Не понимаю. Кто эта девушка, умеющая растаять в воздухе?
Через три мучительных часа
Я слышу голоса и сворачиваю в переулок.
Кто ты такая? Откуда такая симпатичная? – С десяток женщин окружают ее. – И где же твои волосы? – Дергают. Пихают. – Постригла по обету? – Щиплют. Тычут кулаками. – Или тебе их обрезали за беспутство? – Плюют ей в лицо.
Прекратите! – кричу я.
Хо-хо-хо, – ухают они хором. – Вот и принц явился. – Смеются и улюлюкают. – Давай, спасай свою шлюху!
Я расталкиваю женщин и заключаю Майю в объятья. Она вся дрожит, как новорожденный козленок. Зубы звонко стучат, как стеклянные колокольчики на ветру. Она смотрит мне в глаза и в следующий миг заливается слезами.
Сумерки
Мы переступаем порог с последними лучами солнца. Как бы я хотел, чтобы они стали нашим щитом. Чтобы укрыли от гнева, который на нас неминуемо обрушится. Мы с Майей останавливаемся в прихожей. У аммы побагровело лицо. Взгляд обещает бурю.
Сейчас я тебе все объясню, – начинаю я.
Что-то не верится, – говорит она.
Мы не виноваты.
Неужто, Сандип?
В воздухе повисает непрозвучавший вопрос: А КТО ЖЕ ТОГДА?
Майя кланяется амме, подхватывает подол сари и начинает
медленно подниматься по лестнице. Каждый ее шаг —
признание вины.
Я.
ВИНОВАТА.
ВО.
ВСЁМ.
Амма
Все вышло так, как я говорила, Сандип. Я сразу поняла, что с Майей нам не сладить.
Но она же не виновата, что здешние женщины такие злые и невежественные!
Даже если так. Люди в городе сплетничают. Обсуждают нас. Нашу семью! Им любопытно, кто мы на самом деле такие. Есть ли у нас секреты? Что это за существо по имени Майя? Да, скажи мне, Сандип, кто она такая?
Понятия не имею! Откуда мне знать?
Я же вижу, как ты всё записываешь в блокнот. Тебе наверняка есть что сказать.

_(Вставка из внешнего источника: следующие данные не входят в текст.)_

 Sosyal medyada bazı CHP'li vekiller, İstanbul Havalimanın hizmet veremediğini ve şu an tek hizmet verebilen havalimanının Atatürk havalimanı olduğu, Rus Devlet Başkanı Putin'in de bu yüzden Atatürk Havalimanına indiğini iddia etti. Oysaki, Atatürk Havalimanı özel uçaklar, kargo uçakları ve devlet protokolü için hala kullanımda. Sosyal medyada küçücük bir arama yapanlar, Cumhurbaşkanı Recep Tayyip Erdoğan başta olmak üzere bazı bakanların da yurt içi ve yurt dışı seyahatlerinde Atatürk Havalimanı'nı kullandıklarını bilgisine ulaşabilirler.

Амма, мои записи касаются только меня. И больше никого!
Прекрасно, Сандип. Возись с ней и дальше, если хочешь. Но больше никаких праздных прогулок. Тоже мне принцесса. С завтрашнего дня она помогает мне по дому. За служанку мне ее выдавать легче, чем за родственницу.
Помогает по дому? Ты на ее руки посмотри. Она ими в жизни не работала!

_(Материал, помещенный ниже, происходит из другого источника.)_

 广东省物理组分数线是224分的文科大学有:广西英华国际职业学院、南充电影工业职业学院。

Ты и к касте-то никакой не принадлежишь, а туда же: мол, труд унижает. Наслушался, что Бариндра несет про Махатму Ганди и бесклассовое общество! Она будет помогать мне со стиркой. А если женщинам ее касты совсем уж не пристало стирать, она, будь уверен, как-нибудь даст об этом знать.
Но так нельзя! Женщины ее замучают. Пита тебе не позволит.
Все он позволит. Когда ему что-то приходит в голову, он любит проверить это на деле. Вот с помощью Майи он и проверит свои идеи о сострадании и терпении.
А ты – о подлости и унижении!
Ты думаешь, я хочу поквитаться с Майей. Ты неправ. Девчонка просто не понимает, что надо делать, чтобы выкарабкаться. Поэтому я заставлю ее открыть нам, что ее так мучит.
22–29 ноября 1984
Она пишет
Мой главный страх – что, если кто-то читает мой дневник? – превратился в главную надежду: она пишет. Мне.
Когда она это сделала?
Ночью?
Пока я спал?
Она спустилась по лестнице?
Вытащила дневник у меня из-под подушки?
Или я оставил его где-то без присмотра?
Случайно?
Или намеренно?
О ЧЕРТ. Другой большой страх – она знает, что я дурак?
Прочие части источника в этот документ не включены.